The Asiatic central banks are typically able to lower interest rates to offset the effects of the escalating international trade war, according to the International Monetary Fund, with the territory significantly more resilient than before the Asian financial crisis.
IMF Director of the Asia and Pacific Department Krishna Srinivasan told Bloomberg Television’s Haslinda Amin on Friday that the region’s inflation rate is at line or even below the specific peaks for which monetary easing may be beneficial.
According to Srinivasan, “what we are advising countries is to let the exchange rate get the shock absorber, and allow monetary policy provide you space to change” to the tariff shock, especially if rates in the US be higher for more.”
The tariffs, which are expected to slow the global economy, are a time of concern for US President Donald Trump, with the export-driven Asian region set to be one of the hardest hit.  ,
The IMF projects that Asia’s economy will grow only 3.9 % this year and 4 % in 2026 as a result of its “double whammy” of weaker external demand and higher US tariffs, according to Srinivasan.

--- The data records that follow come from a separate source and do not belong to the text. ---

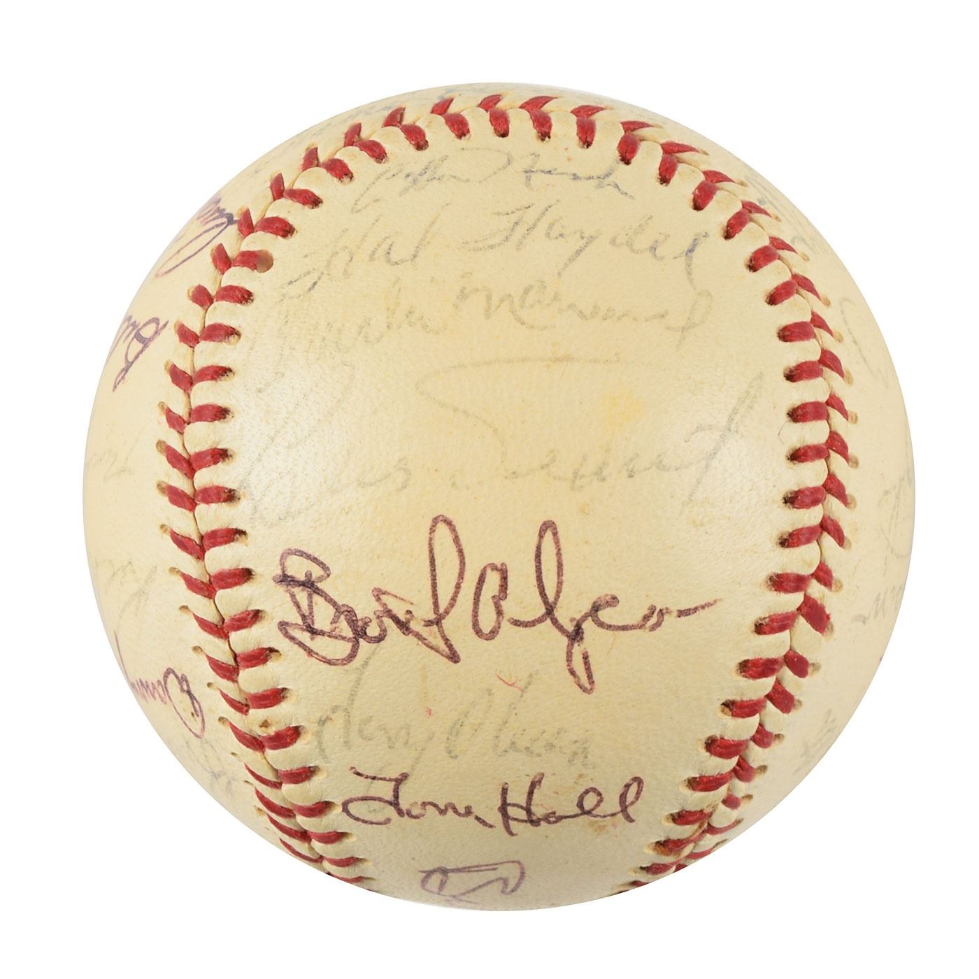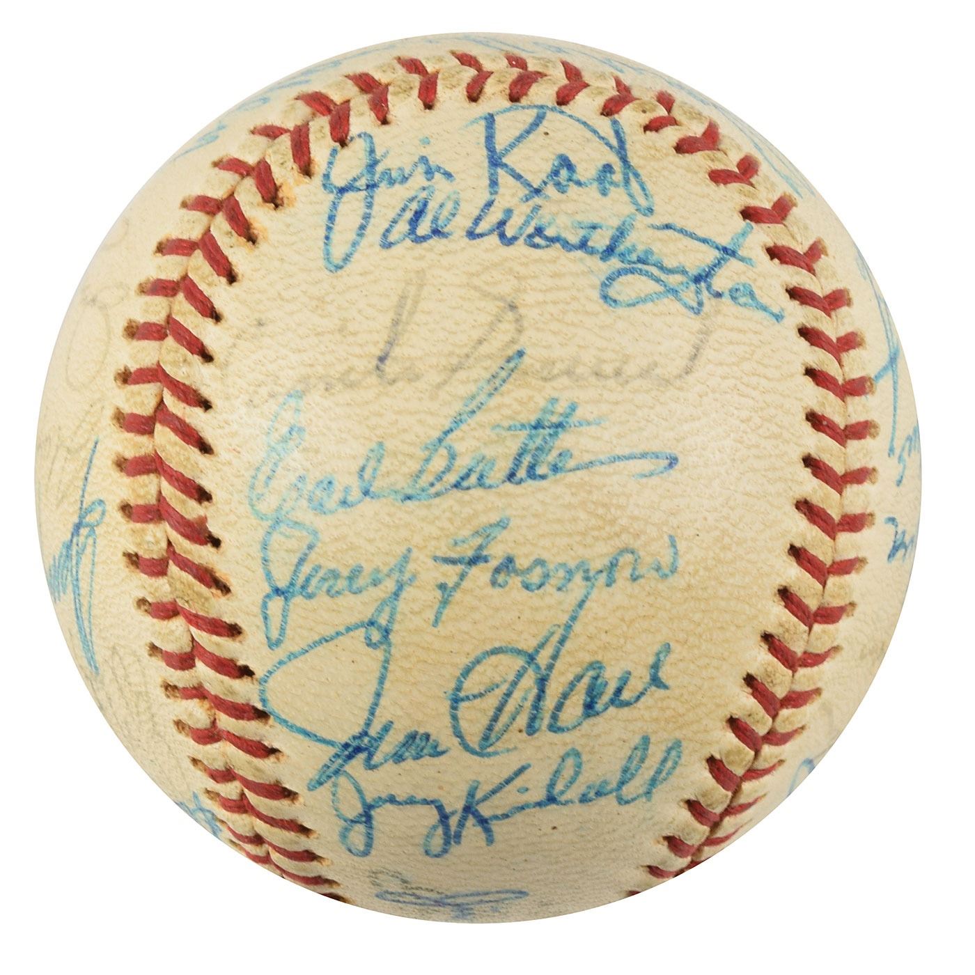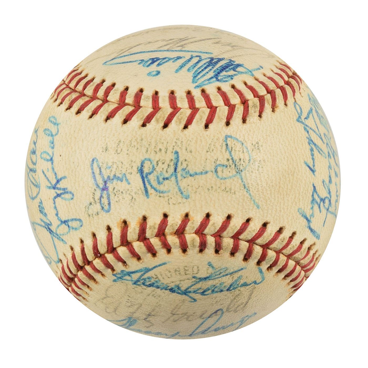 Two Minnesota Twins team-signed official American League baseballs, one signed by the 1964 team and the other signed by the 1970 team. The 1964 ball is signed in ballpoint on the sweet spot and side panels by 30, including Harmon Killebrew, Ed Fitz Gerald, Gerry Arrigo, Floyd Baker, Jim Perry, Sam Mele (ss), Zoilo Versalles (ss), Bernie Allen, Dick Stigman, Gordon Maltzberger, Johnny Klippstein, Frank Kostro, Ron Henry, Hal Naragon, Johnny Goryl, Jim Roland, Jim Kaat, Al Worthington, Camilo Pascual, Earl Battey, Jerry Fosnow, Jimmie Hall, Jerry Kindall, Bob Allison, Don Mincher, Jerry Zimmerman, Tony Oliva, Rich Rollins, Mudcat Grant, and Bill Pleis. The 1970 ball is signed in ballpoint on the sweet spot and side panels by 31, including: Harmon Killebrew (lightly over the league stamp), Rod Carew, Bill Rigney (ss), Cotton Nash, Hal Haydel, Charlie Manuel, Luis Tiant, Brant Alyea, Tony Oliva, Tom Hall, Jim Kaat, Leo Cardenas, Frank Quilici, Rich Reese, Vern Morgan, George Mitterwald, Paul Ratliff, Frank Crosetti, Buck Rodgers, Marv Grissom, Tom Tischinski, Jim Perry, Steve Brye, Jim Holt, Bob Allison, Rick Dempsey, Danny Thompson, Rick Renick, Ron Perranoski, Bill Zepp, and Cesar Tovar. In overall very good to fine condition, with various signatures a few shades light.
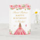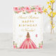 This elegant and glamourous sweet sixteen birthday card can be personalised with a name or title such as daughter, granddaughter, niece, friend etc. The design features a beautiful princess with blonde hair and fair skin in a pink ball gown. The text combines handwritten script and modern sans serif fonts for a classy and sophisticated look. The floral arrangements, butterflies and gold confetti create the perfect blend of rustic and chic.
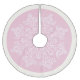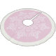 Holiday tree skirt shown in a pinot noir pink colour with a snowflake print and coordinating border colour in ivory.
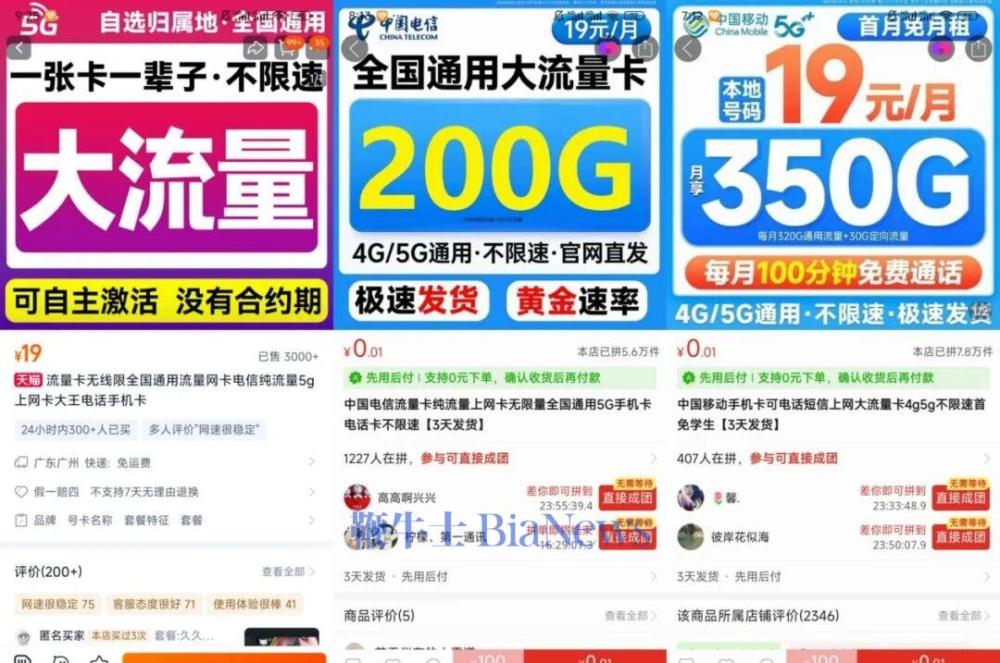 近日,号称“一分钱领卡、超低月租、收货地即归属地”的大额流量卡,正在各电商平台畅销。《BUG》栏目发现,在包括抖音、淘宝等电商平台搜索“流量卡”,有出现大量售卖该产品的商家,且月销量往往过千。这类商家主要用两种方式“套路”消费者,导致其往往到货后才发现“货不对板”:第一,用小金额“诱导宣传”。商家产品页面上,“200G”“19元/月”等字眼十分显眼。但所谓价格并非实际费用,而是在综合各种优惠、折扣
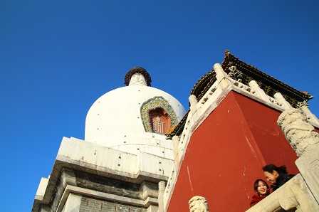 北京には万里の長城、故宮博物院、天壇、頤和園など世界遺産をはじめ数多くの名所旧跡があります。北京の人たちにとって、それらは誇れるものではありますが、世界的な名声があるがゆえに少しばかりよそよそしいものでもあります。それに反して、北海白塔は昔から変わらずに彼らの心の拠り所なのです。聞くところでは、文化大革命の際、猛威をふるった紅衛兵たちでさえ、北海白塔には指一本触れなかったそうです。それは、幼いときから四季を通じていつもその前で遊び、いつも自分を温かく見守ってくれる北海白塔が母親のような存在であったためです。今でも北海白塔の優しい眼差しに包まれながら多くの人たちがスケートを楽しんでいます。

That is the Fund’s sharpest adjustment since the pandemic, he said, and a cumulative downgrade of 0.8 percentage points from its earlier forecasts.  ,
According to him, the new forecasts also face” significant downside risks” depending on the outcome of trade negotiations with the US.
On the plus side, he claimed that the region’s fundamentals are “much, much better” than they were during the 1997-1998 Asian financial crisis, when the IMF bailed out Indonesia, South Korea, and Thailand.  ,
According to Srinivasan, credible policy frameworks, independent central banks, and less currency mismatch in their balance sheets are among the differences.  ,
The IMF urged Asia to focus on its domestic economy to stimulate growth and implement the necessary structural reforms to encourage consumption and investment, which are still below pre-pandemic levels.
Lower borrowing costs, such as those in China and Thailand, should help boost demand and lift nations out of deflationary territory.  ,
Since budget deficits remain high post-Covid, any fiscal support should be “targeted and time-bound,” Srinivasan said.
–With Anand Menon’s assistance. — ©2025 Bloomberg L. P.